Gardening

It’s time to wake up your hanging-basket plants that have been hibernating

For the first time in ages, many gardeners were not able to commercially store their hanging baskets last fall. As a result, there are plenty of last year’s baskets that ended up in garages, crawl spaces and other cool locations to winter over. An equal number of baskets were probably left to die, leaving an empty container or three. What to do this year to have baskets?

Well, let’s start with the baskets that are being stored. Now is the time to take them out of storage and check to make sure their resident plants are still viable. Basically, we are talking fuchsia and tuberous begonias, though roses and pelargoniums may also be the centerpiece in these baskets.

Are your plants alive? To tell if a fuchsia or pelargonium is a live, scratch a tiny bit of the bark off a limb to see if it is “green” underneath. Start at the very top of a branch and work your way down until you confirm that the plant is still alive or that it died over the winter. Trim live fuchsia back, making a six- to eight-inch pyramid of each. Pelargoniums should be shaped to evenly fit the container.

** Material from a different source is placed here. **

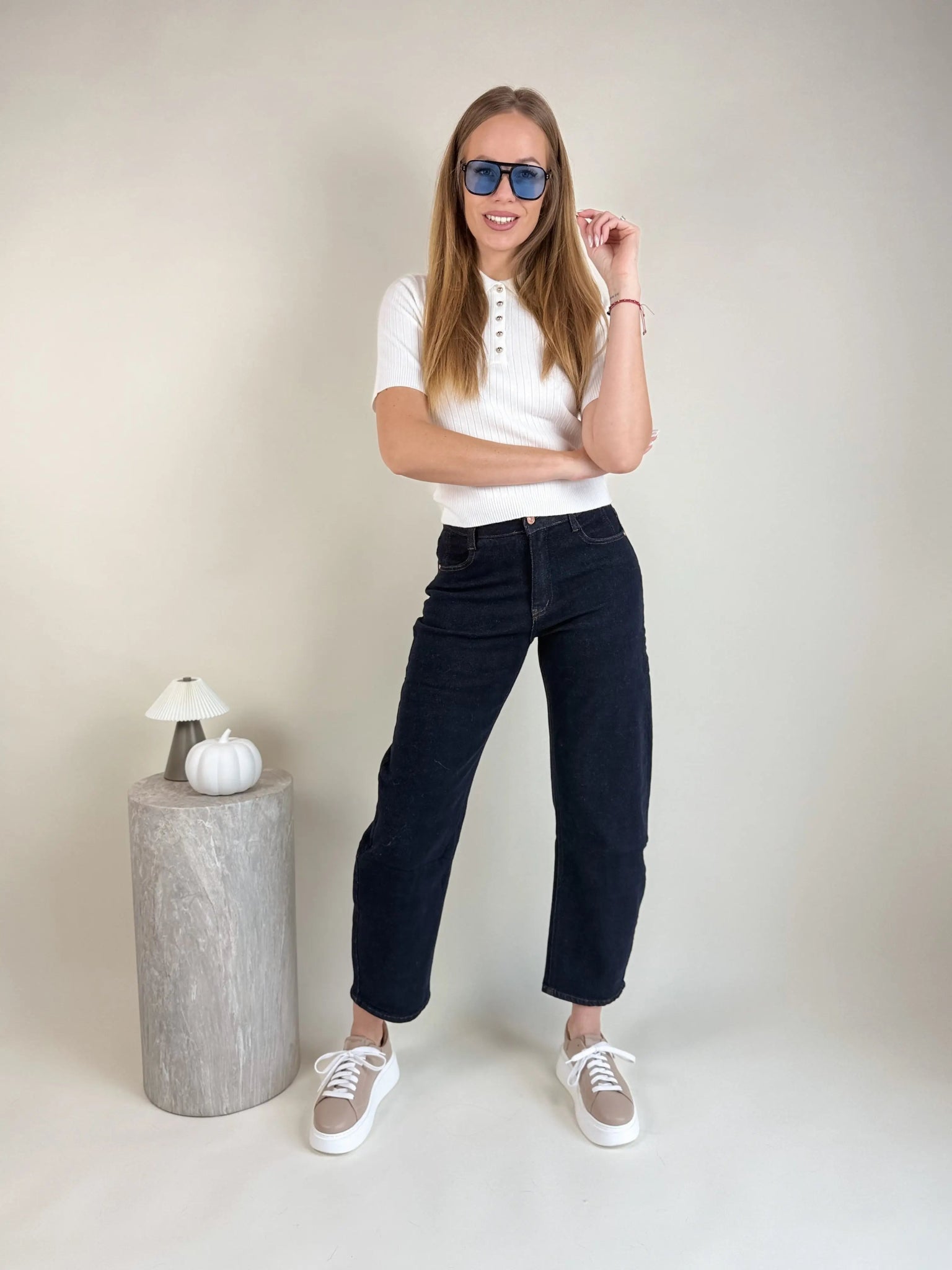 Te okulary przeciwsłoneczne to połączenie minimalistycznego stylu i nowoczesnego charakteru. Czarne oprawki nadają im klasyczną elegancję, natomiast niebieskie szybki wprowadzają świeży, dynamiczny akcent, który wyróżnia je na tle standardowych modeli. Dzięki temu okulary prezentują się modnie, odważnie i doskonale uzupełniają zarówno sportowe, jak i casualowe stylizacje.

Next, check tuberous begonias. Again, a small scratch on the side will help, but unless you really had a lot of heat in the storage area, yours should still be alive. New growth appears inside the concave portion of the tuber where you will see tiny pink stems starting. To get these to grow, give yours some water and place the basket or lifted tuber into light. It can take a couple of weeks if you don’t see growth already. Let the stems grow. You can prick out all but one if you want a single begonia stem.

Pelargoniums stored in paper bags also need to be checked and potted up if alive. Take the plants out of their bags and again scratch down from the top until you find green growth. Cut back the dead material, pot in good potting soil and shape the plants.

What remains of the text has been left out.